Segment Start: Supplied material

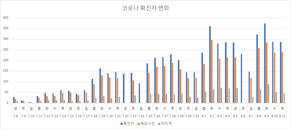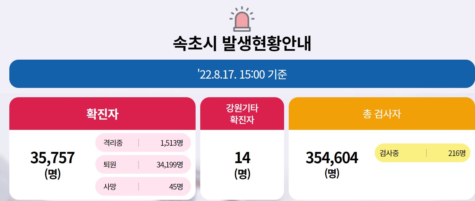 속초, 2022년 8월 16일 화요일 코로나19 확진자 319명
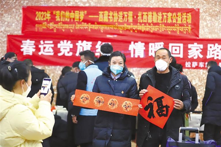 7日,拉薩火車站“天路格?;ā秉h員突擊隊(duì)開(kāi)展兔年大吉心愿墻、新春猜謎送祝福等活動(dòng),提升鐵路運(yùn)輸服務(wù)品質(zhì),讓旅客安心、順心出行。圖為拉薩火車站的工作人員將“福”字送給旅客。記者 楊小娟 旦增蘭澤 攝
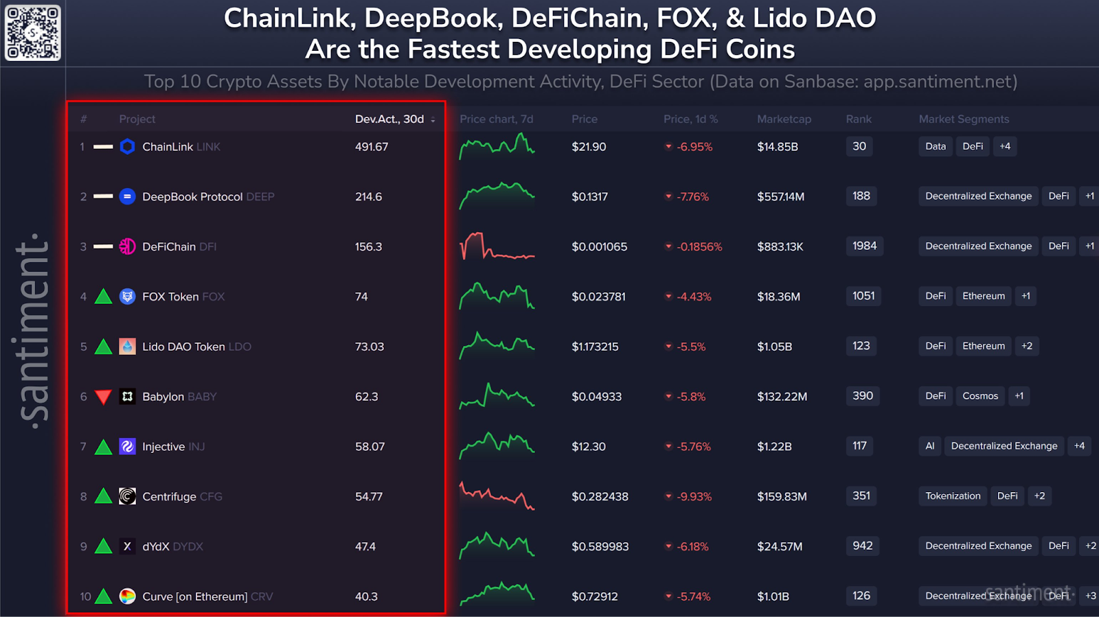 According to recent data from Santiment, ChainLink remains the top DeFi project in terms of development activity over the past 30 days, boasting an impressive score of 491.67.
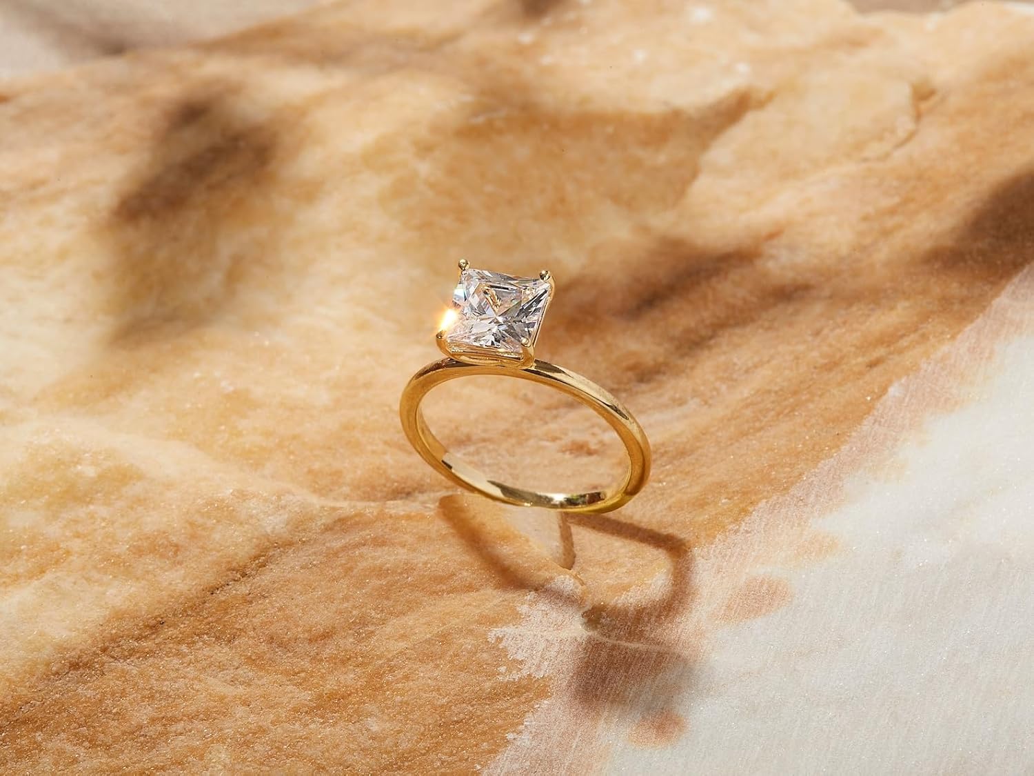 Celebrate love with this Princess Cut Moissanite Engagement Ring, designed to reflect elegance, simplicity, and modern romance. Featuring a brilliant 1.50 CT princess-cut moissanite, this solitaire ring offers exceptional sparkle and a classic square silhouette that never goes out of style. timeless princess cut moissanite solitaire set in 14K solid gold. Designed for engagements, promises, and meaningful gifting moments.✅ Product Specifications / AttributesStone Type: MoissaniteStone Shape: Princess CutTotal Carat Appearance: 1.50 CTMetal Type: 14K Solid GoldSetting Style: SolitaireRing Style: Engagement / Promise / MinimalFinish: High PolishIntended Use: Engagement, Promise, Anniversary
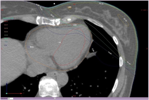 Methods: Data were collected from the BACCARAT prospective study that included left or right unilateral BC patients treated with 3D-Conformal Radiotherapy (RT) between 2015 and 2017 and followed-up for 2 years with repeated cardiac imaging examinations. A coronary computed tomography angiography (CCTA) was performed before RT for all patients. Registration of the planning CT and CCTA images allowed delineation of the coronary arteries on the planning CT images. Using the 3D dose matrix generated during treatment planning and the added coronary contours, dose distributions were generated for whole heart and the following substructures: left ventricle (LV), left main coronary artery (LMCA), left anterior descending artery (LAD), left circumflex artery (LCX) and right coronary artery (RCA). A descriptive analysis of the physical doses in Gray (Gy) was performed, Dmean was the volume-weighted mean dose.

Segment End: Supplied material

__What you have to do__:
Set down all of the data word for word; no pictures belong in it.

__Result for this task__:
 속초, 2022년 8월 16일 화요일 코로나19 확진자 319명
 7日,拉薩火車站“天路格?;ā秉h員突擊隊(duì)開(kāi)展兔年大吉心愿墻、新春猜謎送祝福等活動(dòng),提升鐵路運(yùn)輸服務(wù)品質(zhì),讓旅客安心、順心出行。圖為拉薩火車站的工作人員將“福”字送給旅客。記者 楊小娟 旦增蘭澤 攝
 According to recent data from Santiment, ChainLink remains the top DeFi project in terms of development activity over the past 30 days, boasting an impressive score of 491.67.
 Celebrate love with this Princess Cut Moissanite Engagement Ring, designed to reflect elegance, simplicity, and modern romance. Featuring a brilliant 1.50 CT princess-cut moissanite, this solitaire ring offers exceptional sparkle and a classic square silhouette that never goes out of style. timeless princess cut moissanite solitaire set in 14K solid gold. Designed for engagements, promises, and meaningful gifting moments.✅ Product Specifications / AttributesStone Type: MoissaniteStone Shape: Princess CutTotal Carat Appearance: 1.50 CTMetal Type: 14K Solid GoldSetting Style: SolitaireRing Style: Engagement / Promise / MinimalFinish: High PolishIntended Use: Engagement, Promise, Anniversary
 Methods: Data were collected from the BACCARAT prospective study that included left or right unilateral BC patients treated with 3D-Conformal Radiotherapy (RT) between 2015 and 2017 and followed-up for 2 years with repeated cardiac imaging examinations. A coronary computed tomography angiography (CCTA) was performed before RT for all patients. Registration of the planning CT and CCTA images allowed delineation of the coronary arteries on the planning CT images. Using the 3D dose matrix generated during treatment planning and the added coronary contours, dose distributions were generated for whole heart and the following substructures: left ventricle (LV), left main coronary artery (LMCA), left anterior descending artery (LAD), left circumflex artery (LCX) and right coronary artery (RCA). A descriptive analysis of the physical doses in Gray (Gy) was performed, Dmean was the volume-weighted mean dose.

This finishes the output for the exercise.